━━━ SUPPLIED INFORMATION

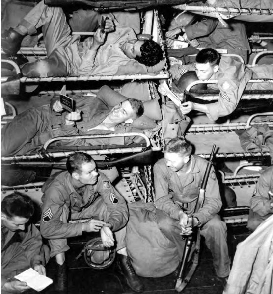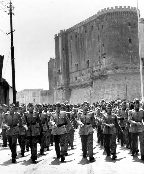 WEARY U. S. TROOPS IN BOLOGNA on the morning of 21 April. The city, entered from the south by U. S. forces and from the east by Poles of the Eighth Army, fell that day. Pressing forward the troops pursued the fleeing Germans.
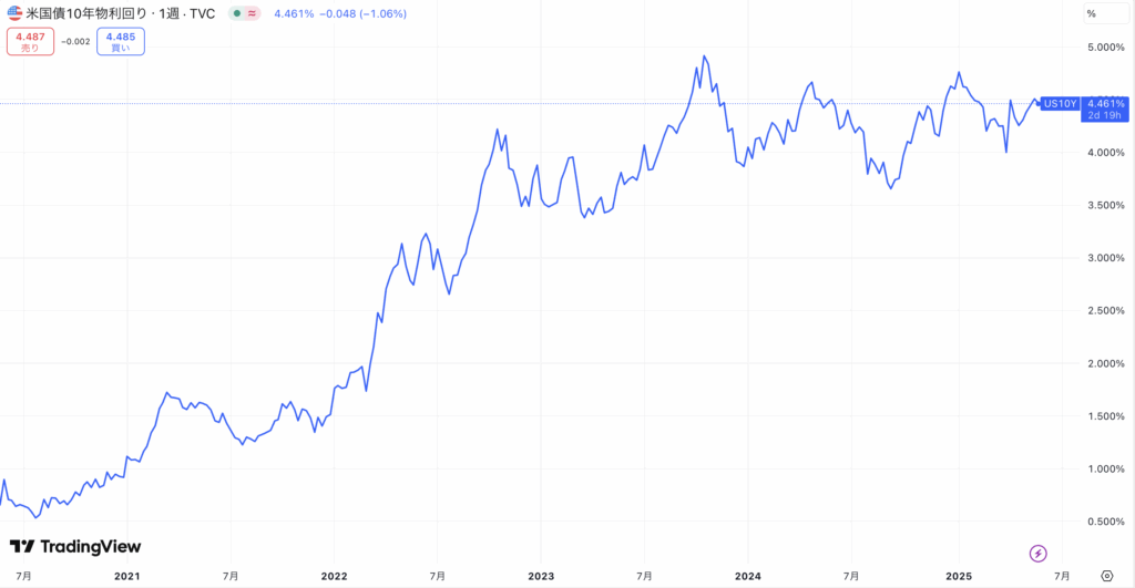 現在の米国10年債利回りは約4.461%と高止まりしており、インフレ圧力の継続やFRBの利下げ慎重姿勢、そして米国の財政不安(財政赤字の拡大と国債増発)が背景にあります。
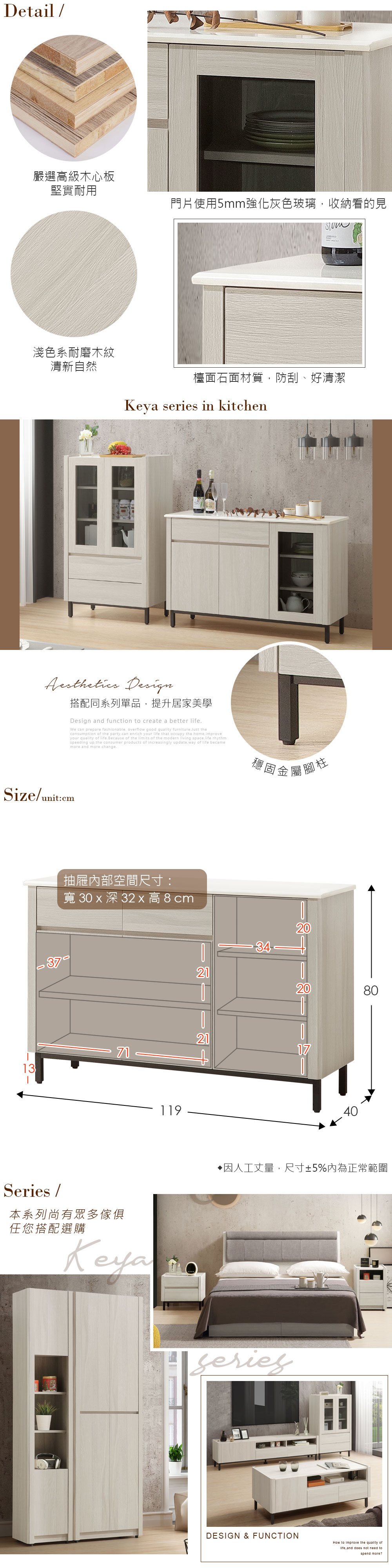 ◆木心板材質,堅實、穩固、耐用◆清新淺色系,質感木紋路視覺◆5mm強化灰色玻璃,美型、微透視感◆餐櫃檯面岩板材質,防刮、耐磨、好清潔◆門片使用緩衝五金,開合安全、避免夾手◆門櫃+抽屜的防塵收納規劃◆免組裝,專人配送到府尺寸:寬 119 x 深 40 x 高 80 公分材質:高級木心板、岩板、5mm強化玻璃、鐵腳顏色:白榆木色產地:台灣誤差值:因人工丈量,尺寸±5%內為正常範圍
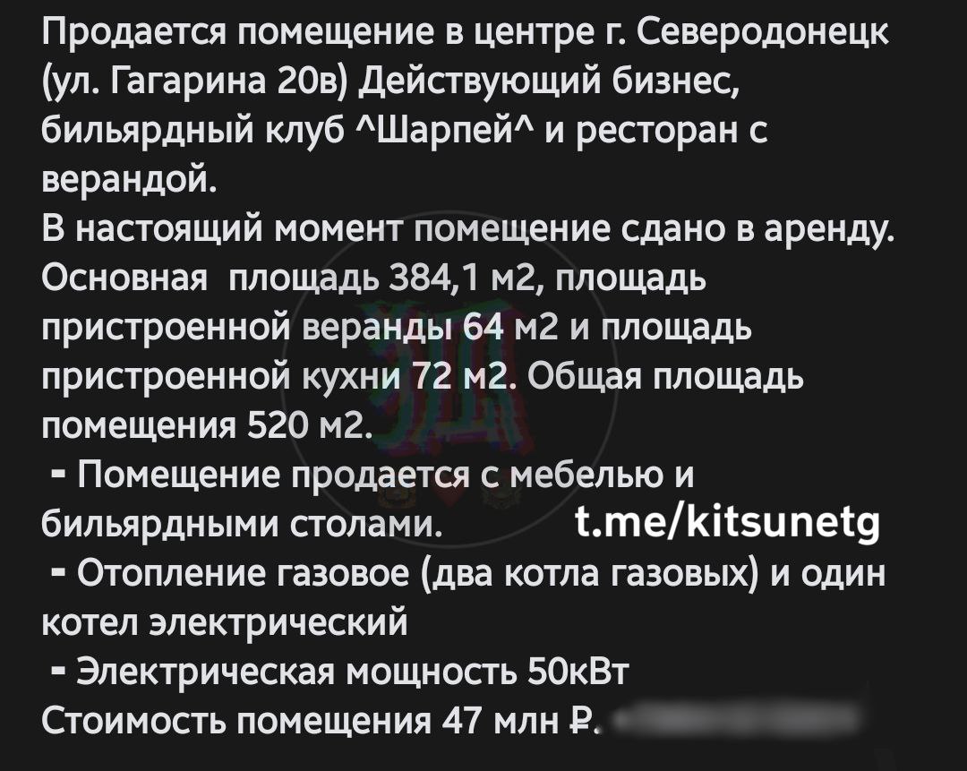 В оккупированном Северодонецке появилось объявление о продаже одного из самых известных заведений города – ресторан "Шарпей", расположенного в самом центре города на улице Гагарина, 20в.
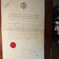 1777-1847, Schwester und Beraterin des frz. Königs Louis Philippe I. - Urkunde (ausgef. Vordruck) mit U., Palais Royal, Paris 11.5.1827, 1 S. gr. folio, Gegenzeichnung des Sekretärs André Pieyre, gut erh. Lacksiegel. Monsieur Diot und seinem Graveur wird erlaubt "d'en apposer le Tableau aux Armes de son Altesse Sérénissime, audevant de sa maison, et d'en prendre la qualité dans toutes les Assemblées...".
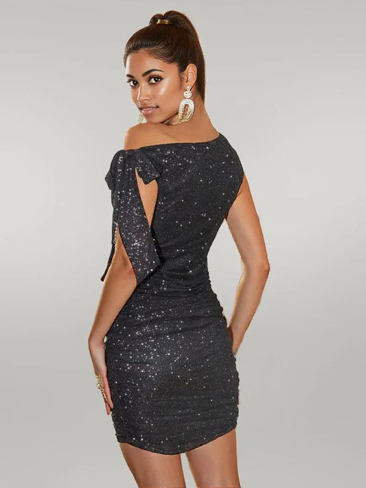 Glitter Tied One Shoulder Mini Dress

━━━━━━

- [HOW TO COMPLETE THIS TASK]: Each entry above should be restated word for word, though no picture may appear in the copy.

- [SOLUTION BELOW]:
 WEARY U. S. TROOPS IN BOLOGNA on the morning of 21 April. The city, entered from the south by U. S. forces and from the east by Poles of the Eighth Army, fell that day. Pressing forward the troops pursued the fleeing Germans.
 現在の米国10年債利回りは約4.461%と高止まりしており、インフレ圧力の継続やFRBの利下げ慎重姿勢、そして米国の財政不安(財政赤字の拡大と国債増発)が背景にあります。
 ◆木心板材質,堅實、穩固、耐用◆清新淺色系,質感木紋路視覺◆5mm強化灰色玻璃,美型、微透視感◆餐櫃檯面岩板材質,防刮、耐磨、好清潔◆門片使用緩衝五金,開合安全、避免夾手◆門櫃+抽屜的防塵收納規劃◆免組裝,專人配送到府尺寸:寬 119 x 深 40 x 高 80 公分材質:高級木心板、岩板、5mm強化玻璃、鐵腳顏色:白榆木色產地:台灣誤差值:因人工丈量,尺寸±5%內為正常範圍
 В оккупированном Северодонецке появилось объявление о продаже одного из самых известных заведений города – ресторан "Шарпей", расположенного в самом центре города на улице Гагарина, 20в.
 1777-1847, Schwester und Beraterin des frz. Königs Louis Philippe I. - Urkunde (ausgef. Vordruck) mit U., Palais Royal, Paris 11.5.1827, 1 S. gr. folio, Gegenzeichnung des Sekretärs André Pieyre, gut erh. Lacksiegel. Monsieur Diot und seinem Graveur wird erlaubt "d'en apposer le Tableau aux Armes de son Altesse Sérénissime, audevant de sa maison, et d'en prendre la qualité dans toutes les Assemblées...".
 Glitter Tied One Shoulder Mini Dress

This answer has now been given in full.